Proteste sindacali a Lisbona lo scorso mese con dei cartelli con su scritto “Governo vattene”.
Francisco Seco / Associated Press.

di Eduardo Porter 3 dicembre 2013

Nel 2008, 1,9 milioni di lavoratori portoghesi nel settore privato erano coperti da contratti di lavoro collettivi. Lo scorso anno il numero era sceso a trecentomila.

La Spagna ha allentato le restrizioni sui licenziamenti collettivi e sui licenziamenti ingiusti, ed ha ridotto i limiti all’estensione del lavoro interinale, permettendo che i lavoratori vengano tenuti con contratti a termine fino a quattro anni. L’Irlanda e il Portogallo hanno congelato il salario minimo, mentre la Grecia lo ha tagliato di quasi un quarto.

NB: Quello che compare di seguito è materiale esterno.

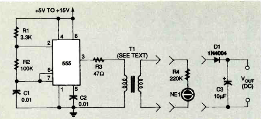 Este circuito de muy baja corriente fue encontrado en la edición de abril de 1995 de la revista Electronics Now. La frecuencia debe elegirse para lograr la máxima eficiencia de acuerdo con el pequeño transformador utilizado.

Tutto ciò è noto in Europa come “svalutazione interna”.

Vincolati all’euro e perciò impossibilitati a svalutare la moneta per rendere i propri prodotti meno costosi sui mercati esteri, molti paesi europei – soprattutto quelli della costa meridionale del Continente, che sono stati martellati dalla crisi finanziaria – hanno cominciato un furioso smantellamento delle tutele lavorative nel tentativo di ridurre il costo del lavoro.

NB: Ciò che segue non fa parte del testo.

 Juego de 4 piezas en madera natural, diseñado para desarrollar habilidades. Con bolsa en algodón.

La logica – propugnata con forza dal governo tedesco di Angela Merkel, dalla Commissione Europea, e in modo un po’ meno entusiastico dal Fondo Monetario Internazionale – è che questa sia la sola strategia possibile per ripristinare la competitività, far crescere l’occupazione e recuperare la solvibilità.
Queste mosse politiche stanno cambiando radicalmente la natura della società in Europa.

“La rapidità del cambiamento è stata certamente molto elevata,” dice Raymond Torres, il capo economista dell’Organizzazione Internazionale del Lavoro (O.I.L.), a Ginevra. “Per quanto posso dire, si tratta dei cambiamenti più significativi dalla Seconda Guerra Mondiale ad oggi.”

Mentre molto del dibattito sulla reazione data dall’Europa alla crisi finanziaria riguarda l’austerità di bilancio che avviluppa il continente, l’erosione delle tutele dei lavoratori, al confronto molto meno sbandierata, sembra destinata ad avere un altrettanto grande e duraturo impatto sul patto sociale in Europa.

“Ha un effetto disastroso sulla coesione sociale e un enorme effetto sulla disuguaglianza,” argomenta Jean-Paul Fitoussi, professore di economia all’Institut d’Études Politiques di Parigi. “Il benessere è crollato in tutta Europa. Un sintomo è la crescita dei partiti politici estremisti".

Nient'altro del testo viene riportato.